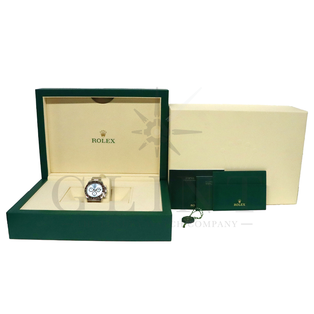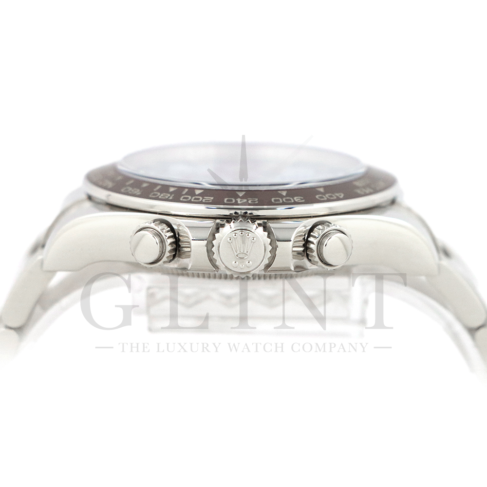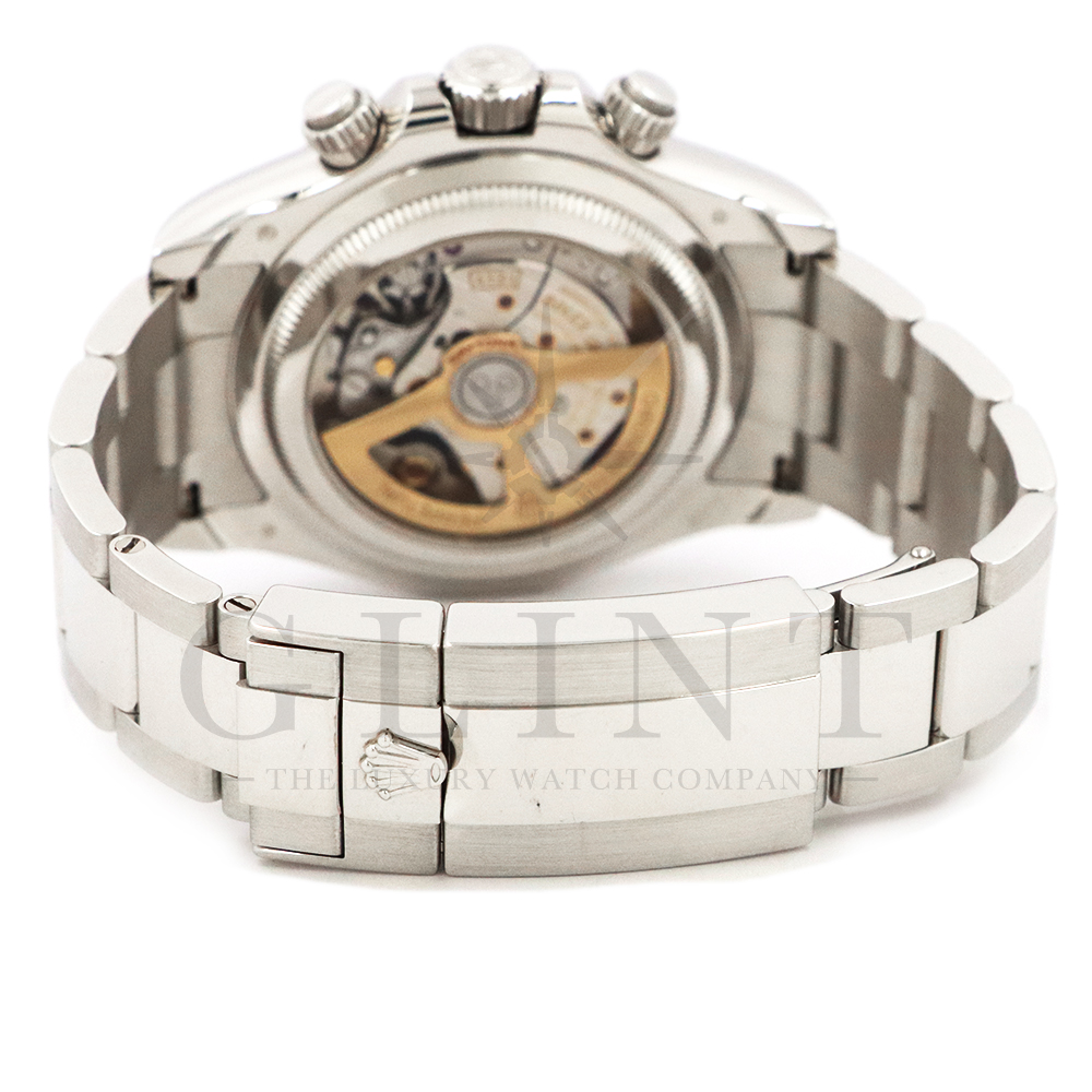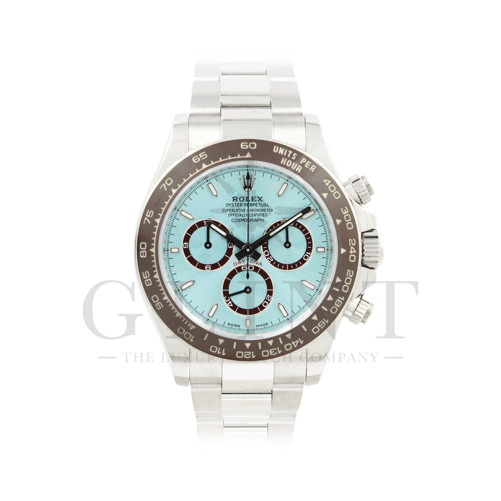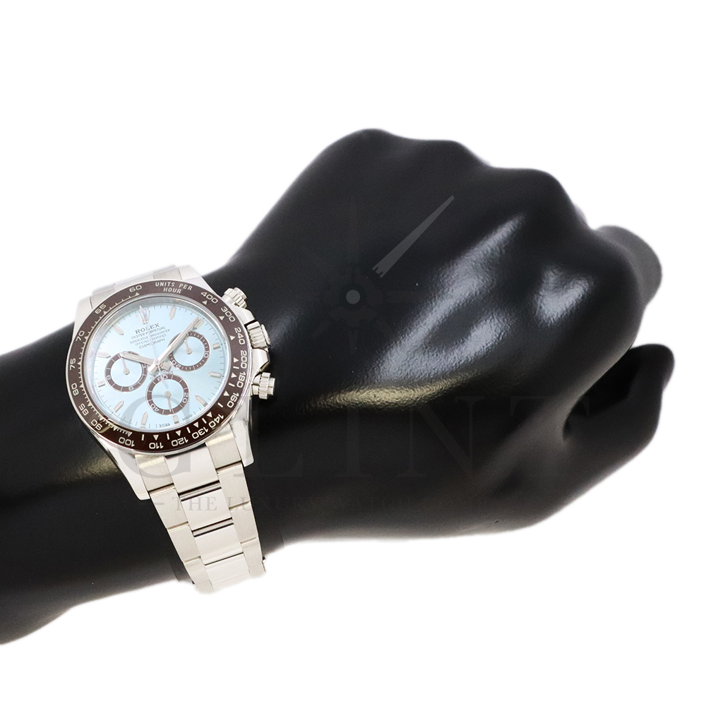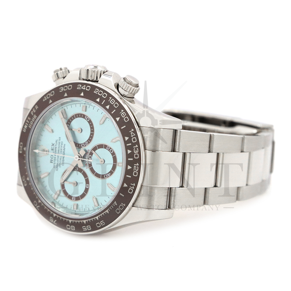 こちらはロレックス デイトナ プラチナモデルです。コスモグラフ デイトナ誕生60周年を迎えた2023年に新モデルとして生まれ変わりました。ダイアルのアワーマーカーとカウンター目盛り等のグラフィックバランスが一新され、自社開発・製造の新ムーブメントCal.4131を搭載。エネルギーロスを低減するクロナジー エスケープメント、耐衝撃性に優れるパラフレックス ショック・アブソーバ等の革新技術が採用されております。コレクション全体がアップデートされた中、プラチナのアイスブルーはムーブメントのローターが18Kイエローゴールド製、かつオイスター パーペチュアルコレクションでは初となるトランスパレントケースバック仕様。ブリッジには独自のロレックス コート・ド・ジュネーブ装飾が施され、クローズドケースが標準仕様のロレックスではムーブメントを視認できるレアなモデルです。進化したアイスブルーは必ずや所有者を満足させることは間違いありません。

----------

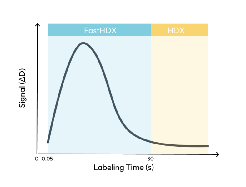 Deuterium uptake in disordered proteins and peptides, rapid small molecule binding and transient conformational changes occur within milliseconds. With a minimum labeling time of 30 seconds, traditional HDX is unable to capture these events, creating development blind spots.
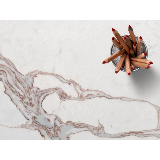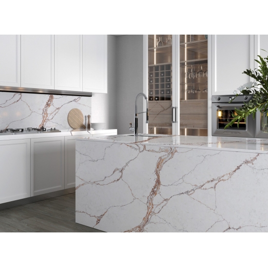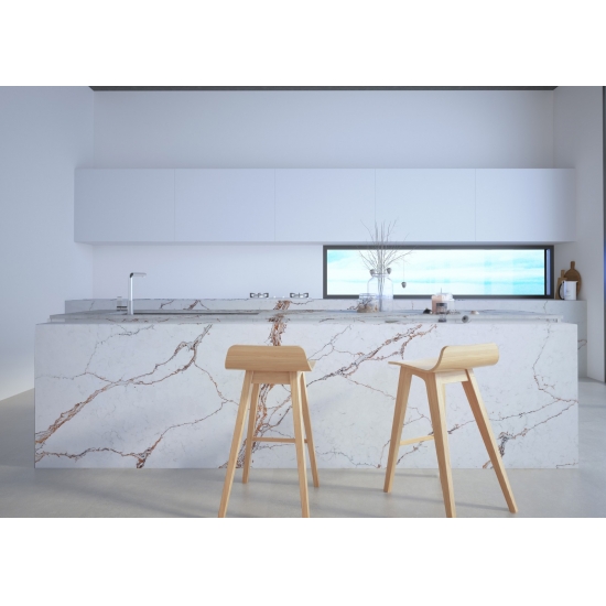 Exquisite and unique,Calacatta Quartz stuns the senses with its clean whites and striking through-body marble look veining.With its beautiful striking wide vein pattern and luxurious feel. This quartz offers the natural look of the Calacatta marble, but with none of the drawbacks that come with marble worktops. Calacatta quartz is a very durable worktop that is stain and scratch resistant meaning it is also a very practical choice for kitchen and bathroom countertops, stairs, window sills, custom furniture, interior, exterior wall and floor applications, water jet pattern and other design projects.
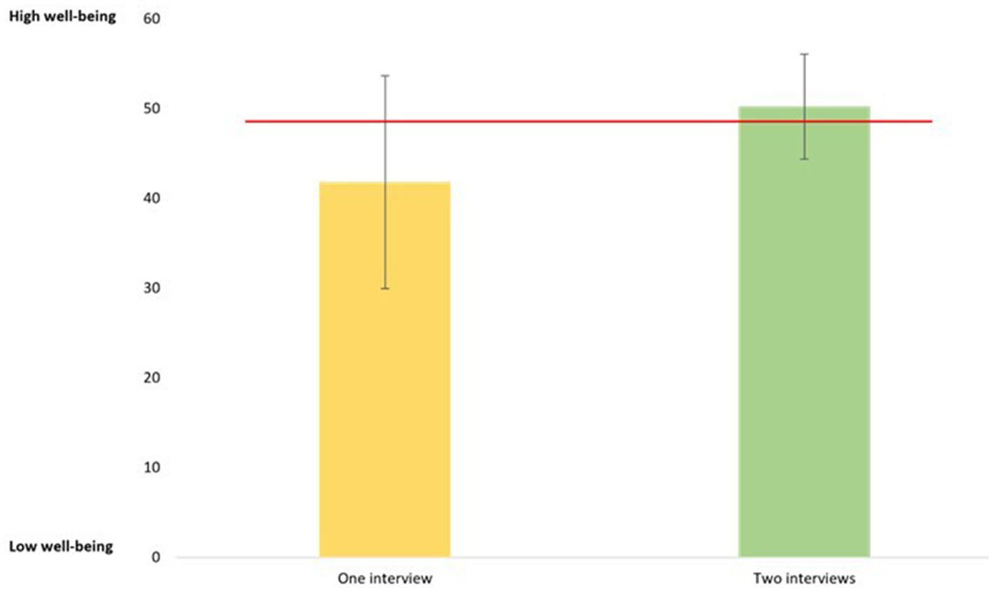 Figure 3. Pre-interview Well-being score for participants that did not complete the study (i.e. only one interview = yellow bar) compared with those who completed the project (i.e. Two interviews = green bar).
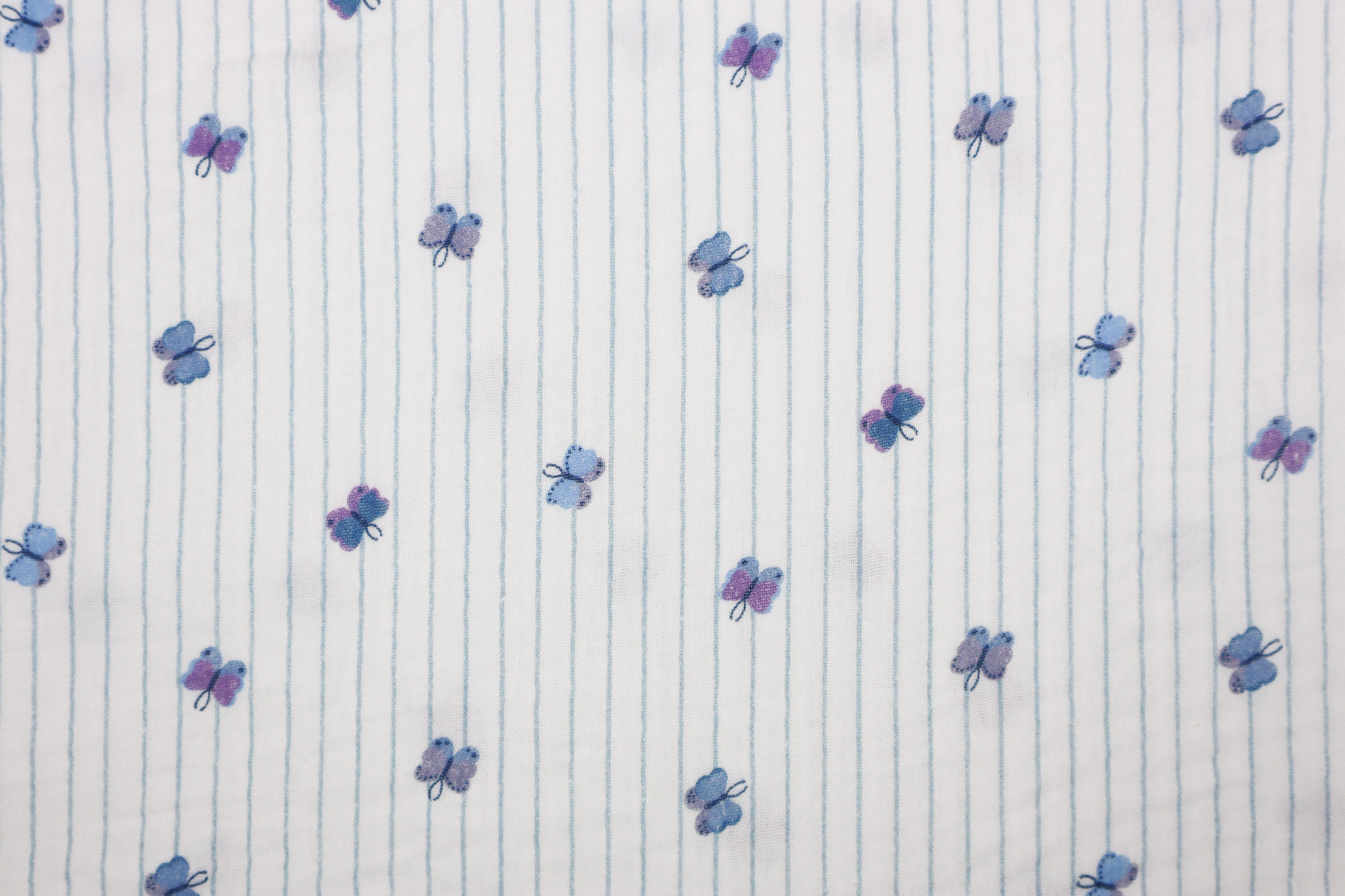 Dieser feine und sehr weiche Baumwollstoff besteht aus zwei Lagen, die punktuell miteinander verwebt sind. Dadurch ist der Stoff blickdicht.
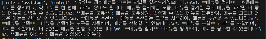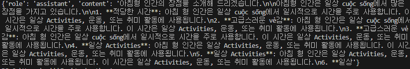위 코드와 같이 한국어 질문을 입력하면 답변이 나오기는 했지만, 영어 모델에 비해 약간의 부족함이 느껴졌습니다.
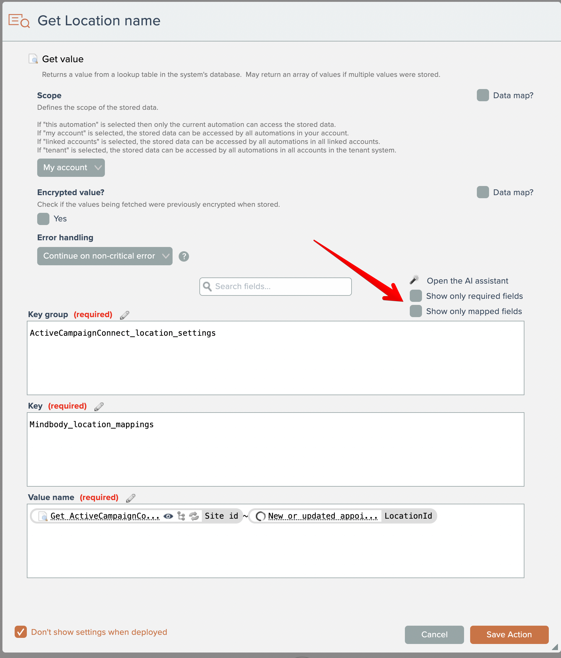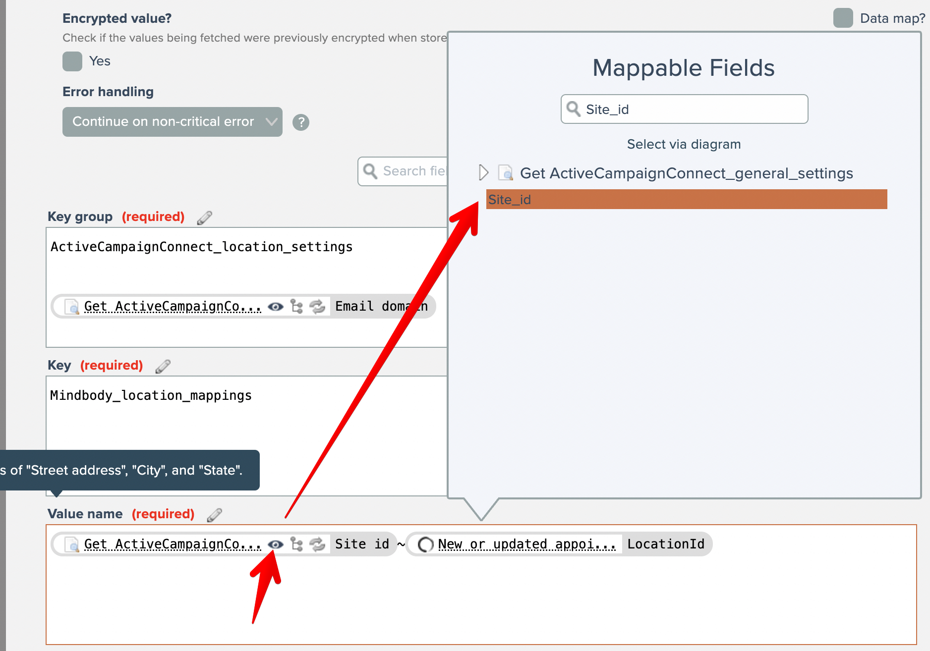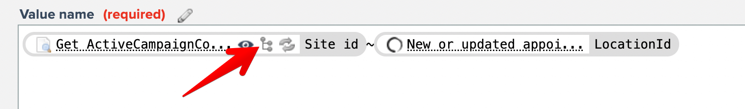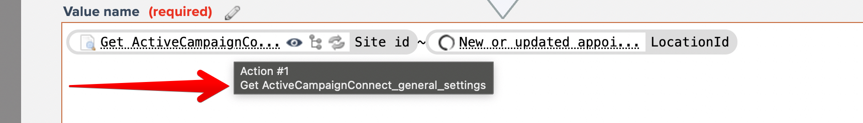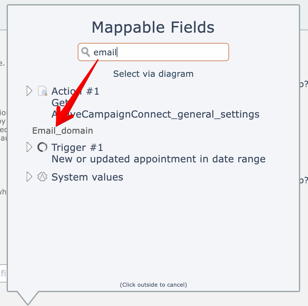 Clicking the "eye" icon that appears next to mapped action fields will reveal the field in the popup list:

----------

DIRECTIONS FOR THIS TASK: For this exercise, reproduce exactly the lines of the records above from the one with "Dieser feine und" up to and including the one with "icon that appears", without pictures.

ANSWER FOR THIS EXERCISE:
 Dieser feine und sehr weiche Baumwollstoff besteht aus zwei Lagen, die punktuell miteinander verwebt sind. Dadurch ist der Stoff blickdicht.
위 코드와 같이 한국어 질문을 입력하면 답변이 나오기는 했지만, 영어 모델에 비해 약간의 부족함이 느껴졌습니다.
 Clicking the "eye" icon that appears next to mapped action fields will reveal the field in the popup list:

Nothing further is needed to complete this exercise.